WHAT YOU SHOULD DO:
Reproduce each record exactly. The pictures should be skipped.

########

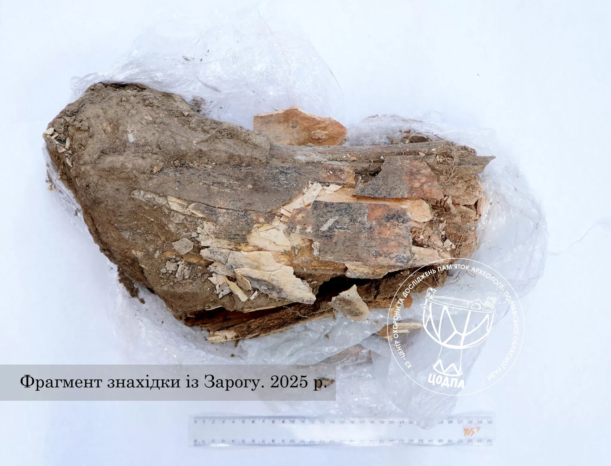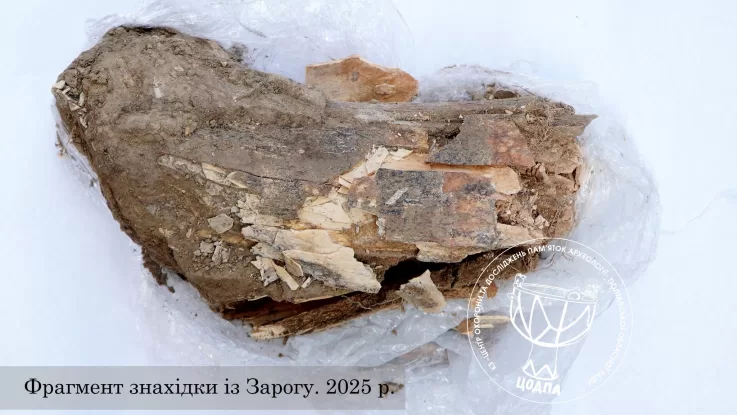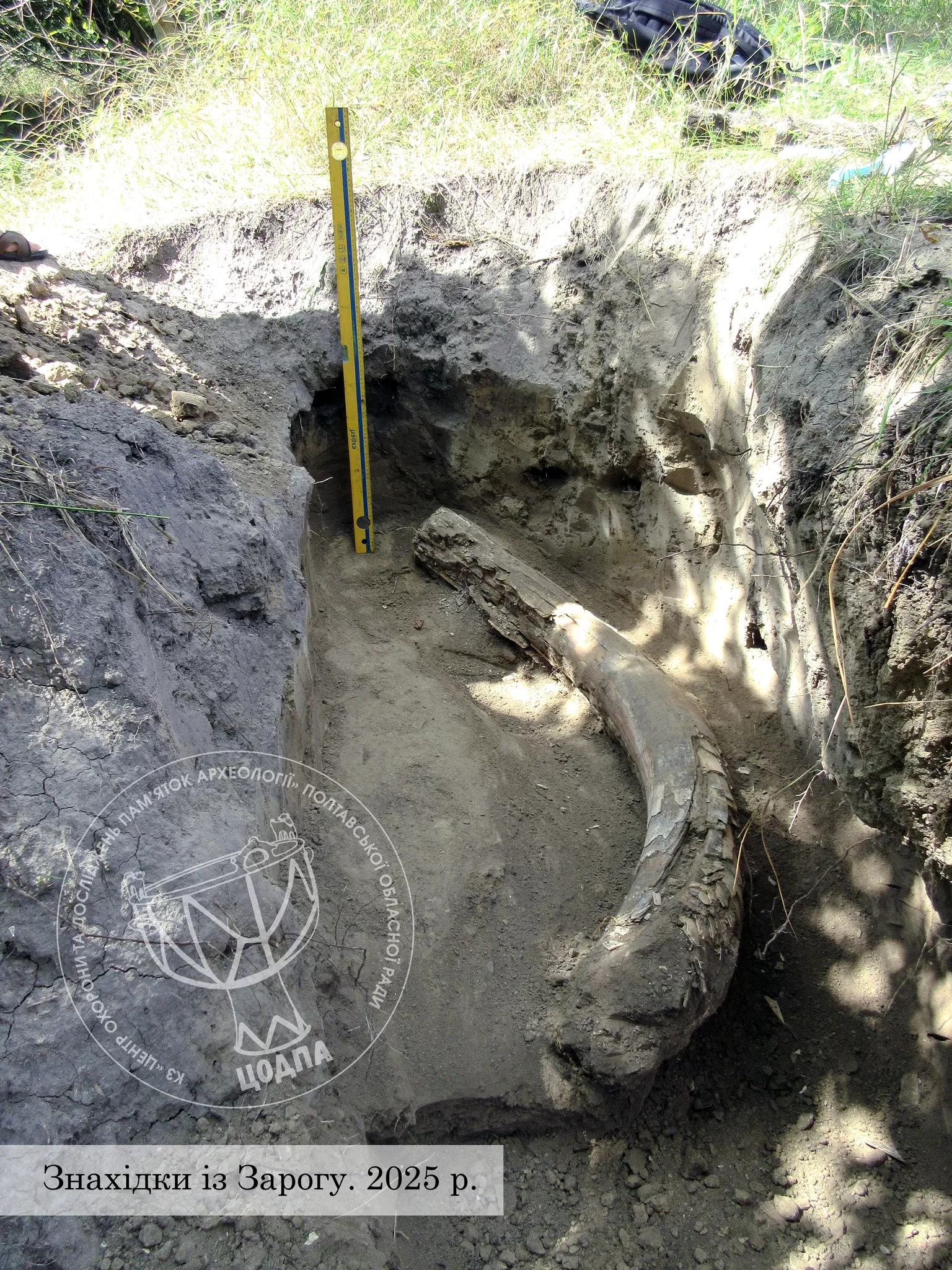 В Полтавской области, в селе Зарог Оржицкой громады, местная краеведка во время копания глины обнаружила фрагмент бивня мамонта.
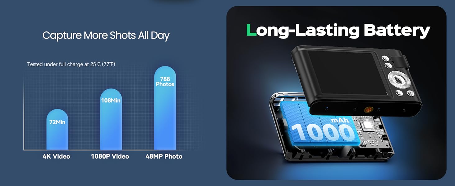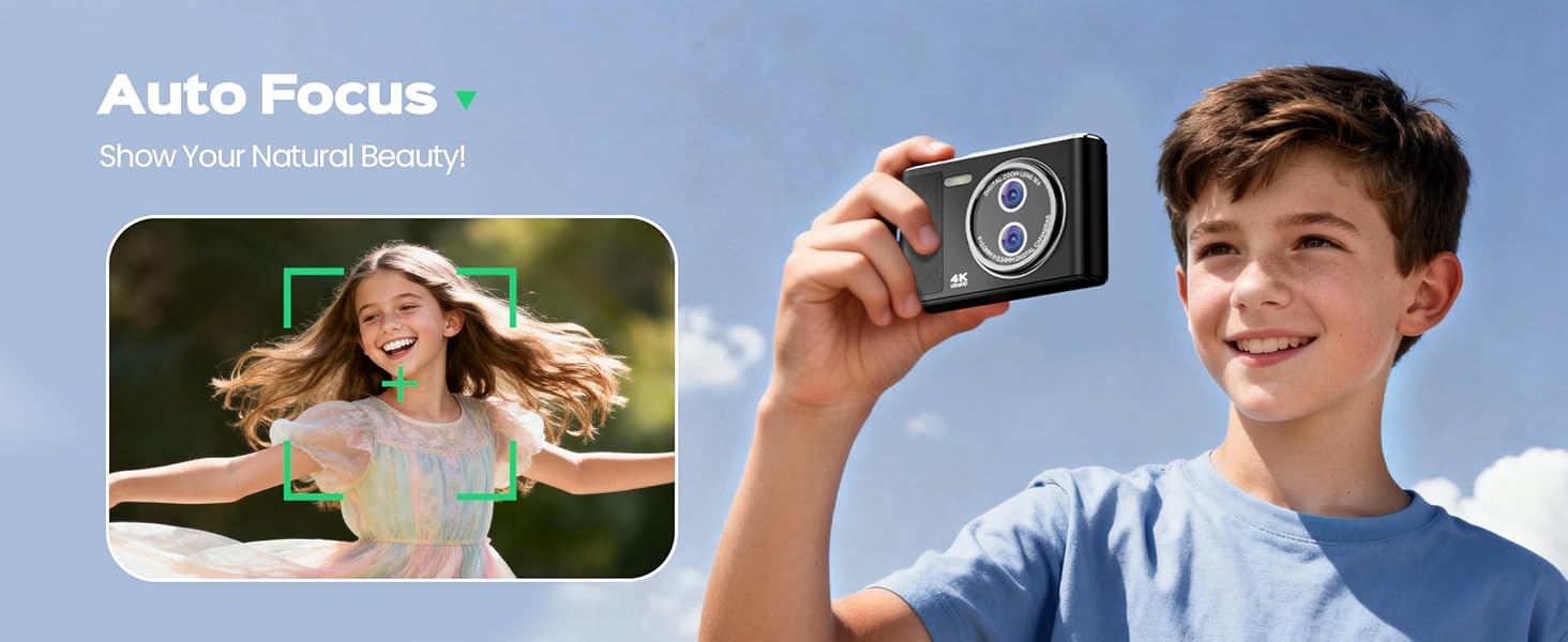 Easy to Operate: Designed for convenient use, it caters to the daily photography needs of people of all age groups. With intuitive buttons and a simple menu, capturing moments only requires one-click operation—eliminating the common learning curve of traditional digital cameras, so even beginners can master it quickly
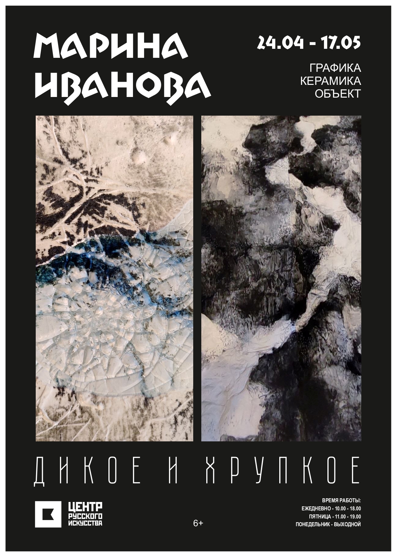 На выставке представлены графика и объекты из керамики, дерева и бумаги. Графические листы фиксируют ритм и мощь стихии, керамика и объекты воплощают тактильность и равновесие между природным и человеческим. Это пространство, где дикая мощь дополняется хрупкостью незначительных, на первый взгляд, деталей, превращаясь в ткань бесконечного ландшафта.
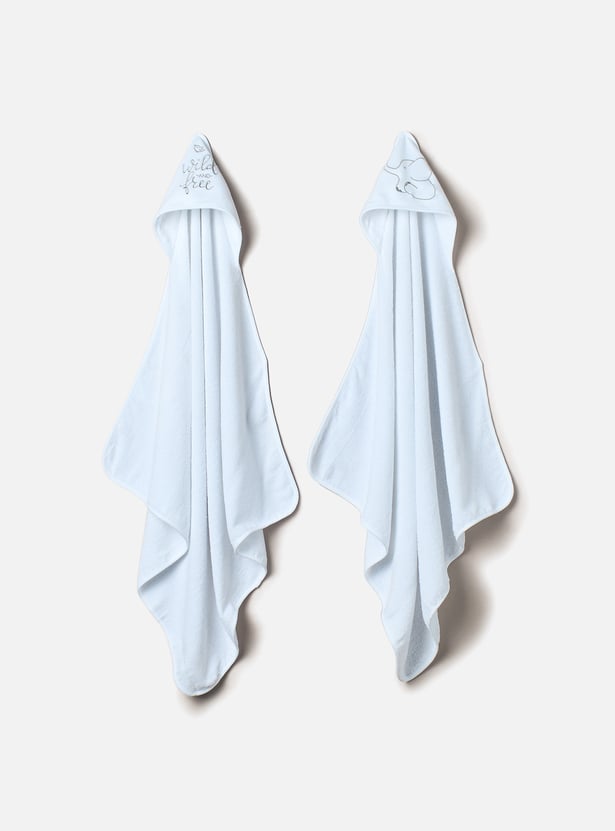 Juniors 2-Piece Embroidered Hooded Towel Set - 80x80 cm
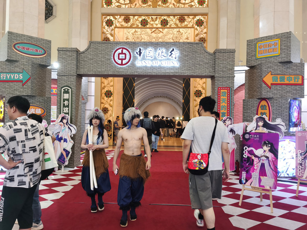 图8:“中国银行”前的COSPLAY者
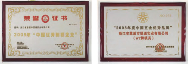 2005年,荣获中国国际锁具行业品牌年会颁发“中国优秀制锁企业”证书;同年被评为“中国优秀五金品牌”。
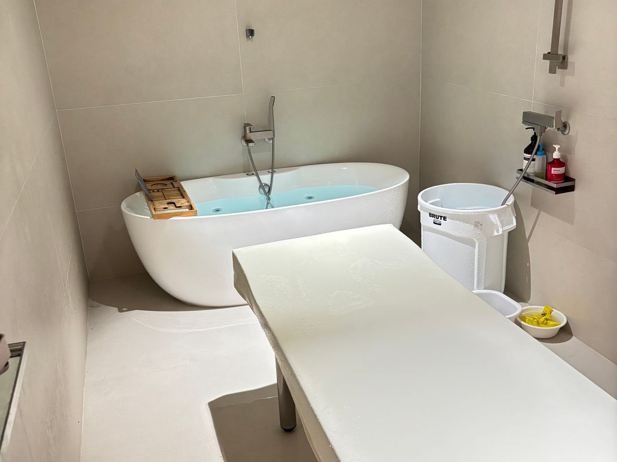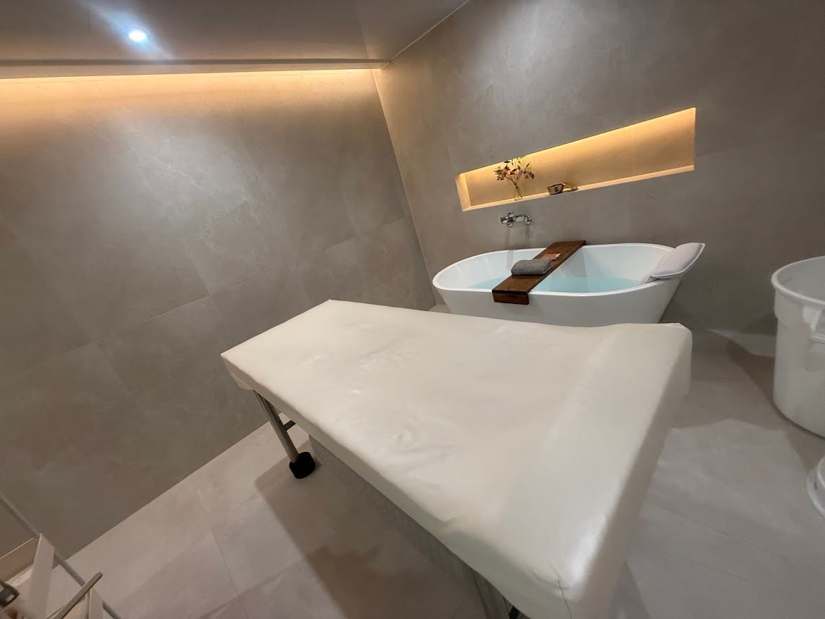 とても清潔でおしゃれな空間がドアを開けた瞬間に広がります。完全個室で、垢すり後はすべすべ、膝の黒ずみが気にならなくなりました。施術後は、ダイソンのドライヤーなど完備されたドレッサーでゆっくりと身支度できます。最後にバナナウユをいただきました。
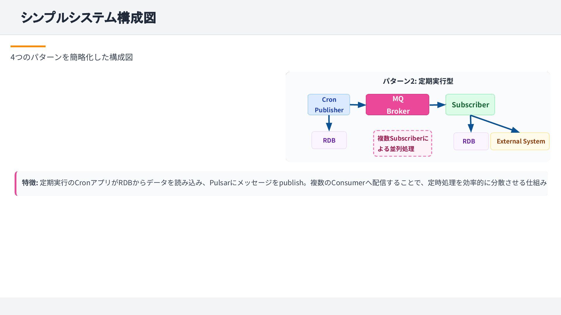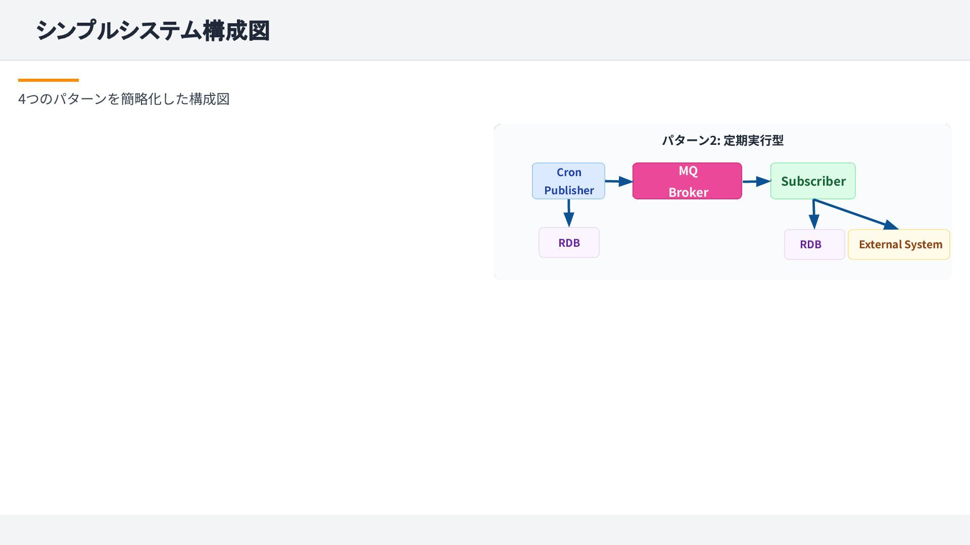4. シンプルシステム構成図 4つのパターンを簡略化した構成図 パターン2: 定期実⾏型 MQ Broker Subscriber External System Cron

########

WRITTEN SOLUTION:
 В Полтавской области, в селе Зарог Оржицкой громады, местная краеведка во время копания глины обнаружила фрагмент бивня мамонта.
 Easy to Operate: Designed for convenient use, it caters to the daily photography needs of people of all age groups. With intuitive buttons and a simple menu, capturing moments only requires one-click operation—eliminating the common learning curve of traditional digital cameras, so even beginners can master it quickly
 На выставке представлены графика и объекты из керамики, дерева и бумаги. Графические листы фиксируют ритм и мощь стихии, керамика и объекты воплощают тактильность и равновесие между природным и человеческим. Это пространство, где дикая мощь дополняется хрупкостью незначительных, на первый взгляд, деталей, превращаясь в ткань бесконечного ландшафта.
 Juniors 2-Piece Embroidered Hooded Towel Set - 80x80 cm
 图8:“中国银行”前的COSPLAY者
 2005年,荣获中国国际锁具行业品牌年会颁发“中国优秀制锁企业”证书;同年被评为“中国优秀五金品牌”。
 とても清潔でおしゃれな空間がドアを開けた瞬間に広がります。完全個室で、垢すり後はすべすべ、膝の黒ずみが気にならなくなりました。施術後は、ダイソンのドライヤーなど完備されたドレッサーでゆっくりと身支度できます。最後にバナナウユをいただきました。
4. シンプルシステム構成図 4つのパターンを簡略化した構成図 パターン2: 定期実⾏型 MQ Broker Subscriber External System Cron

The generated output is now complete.